Par ailleurs, il semble que Ramana Maharshi, dans ses enseignements, ait nié que la réincarnation existe (ce point n’est pas sûr).
Cependant, cette expérience d’éveil, malgré les similarités avec la mystique chrétienne, est-elle la même chose et aboutit-elle au même résultat ? Les différences de vocabulaire entre deux cultures sont compréhensibles, mais peut-on tout résumer à cela ? Lorsqu’il décrit le monde comme « irréel », est-ce simplement une façon indienne de dire comme la théologie chrétienne que le monde n’a de fondement qu’en Dieu et pas en soi, et n’est qu’une création? Ou est-ce bien que réellement, pour lui, nos vies, nos actions n’ont pas d’importance et de poids ? Je ne suis pas sûre. Cette notion d’irréalité peut déprécier ce qui est bien comme ce qui est mal, et amener de l’indifférence vis à vis du monde. Je ne sais pas si c’est le cas de Ramana Maharshi, cependant son enseignement est ambigu.
On notera aussi que l’expérience « d’éveil » qu’il a vécue n’est pas le point culminant d’années de recherche spirituelle. Il semble avoir été touché par la grâce de Dieu, gratuitement, comme il arrive à beaucoup de personnes au sein ou en dehors du christianisme. Son enseignement de méditation est le suivant : s’interroger sans cesse sur « Qui suis-je ?». Mais ce n’est pas l’enseignement qu’il a suivi et qui a amené son expérience. Il n’a expérimenté cette méditation qu’après la descente de l’Esprit Saint.

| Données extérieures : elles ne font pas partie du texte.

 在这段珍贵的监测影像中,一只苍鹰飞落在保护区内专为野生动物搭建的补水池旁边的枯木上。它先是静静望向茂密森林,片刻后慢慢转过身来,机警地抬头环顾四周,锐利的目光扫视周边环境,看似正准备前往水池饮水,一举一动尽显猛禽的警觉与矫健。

D’autre part, en se focalisant sur la « quête du Soi », le message a-t-il été bien compris ? Combien de personnes aujourd’hui se focalisent sur la pratique de la méditation, en ne se préoccupant que d’elles-mêmes et prétendent qu’elles n’ont aucunement besoin d’une pratique religieuse, d’humilité ou de charité ?

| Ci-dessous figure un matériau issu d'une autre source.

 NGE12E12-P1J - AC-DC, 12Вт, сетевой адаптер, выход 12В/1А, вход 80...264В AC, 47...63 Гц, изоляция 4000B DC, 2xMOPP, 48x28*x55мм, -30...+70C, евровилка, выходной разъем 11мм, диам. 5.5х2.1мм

L’enseignement de Ramana Maharshi semble principalement destiné à éclairer le monde indien, absolument pas aux occidentaux qui sont déjà suffisamment absorbés comme cela dans leur quête d’eux-mêmes. Son expérience semble de plus extraordinaire et pas réellement en lien avec ses enseignements ; je pense qu’il faut la considérer comme liée à sa personne et pas du tout comme représentative.

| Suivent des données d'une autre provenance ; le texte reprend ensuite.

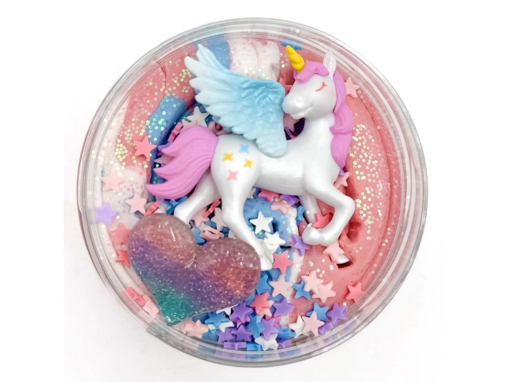 250g domácí čtyřbarevné modelíny, třpytky, konfety, jednorožec a srdíčko.

Pour revenir à la question de départ, il se pourrait que la mystique de l’hindouisme, de l’advaita devanta conduise au même point que la mystique chrétienne. Néanmoins, le cadre conceptuel de l’advaita devanta semble problématique : cette focalisation sur soi (la méditation n’est pas autre chose), cette identification de Dieu et d’un Soi incréé et éternel, le côté irréel du monde… Selon moi, la mystique doit aussi amener une sagesse qui donne sens au monde et à notre expérience. Il n’y en a pas vraiment, au final : le monde reste un simple jeu sans but, une illusion vouée à disparaître, et l’on ne sait pas ce que l’on vient y faire ni qui nous a mis là. Nous sommes apparement Dieu et puis c’est tout, mais aucune « personne éveillée » ne s’est jamais rappelé d’avoir été Dieu puis décidé de s’incarner en tel corps.
Je le répète : il y a confusion entre esprit et Esprit. Cette mystique n’apporte pas de réponses claires aux questions que l’on se pose et me semble par là-même incomplète. L’advaita devanta est bien une spiritualité contrairement au bouddhisme ; mais elle méconnaît le transcendant et s’arrête au spirituel créé. On arrive aux limites de ce que l’être humain peut connaître en l’absence de Révélation Divine.
On retourne donc au départ : l’importance capitale du sens, de la raison, pour l’être humain, et pas juste de l’expérience.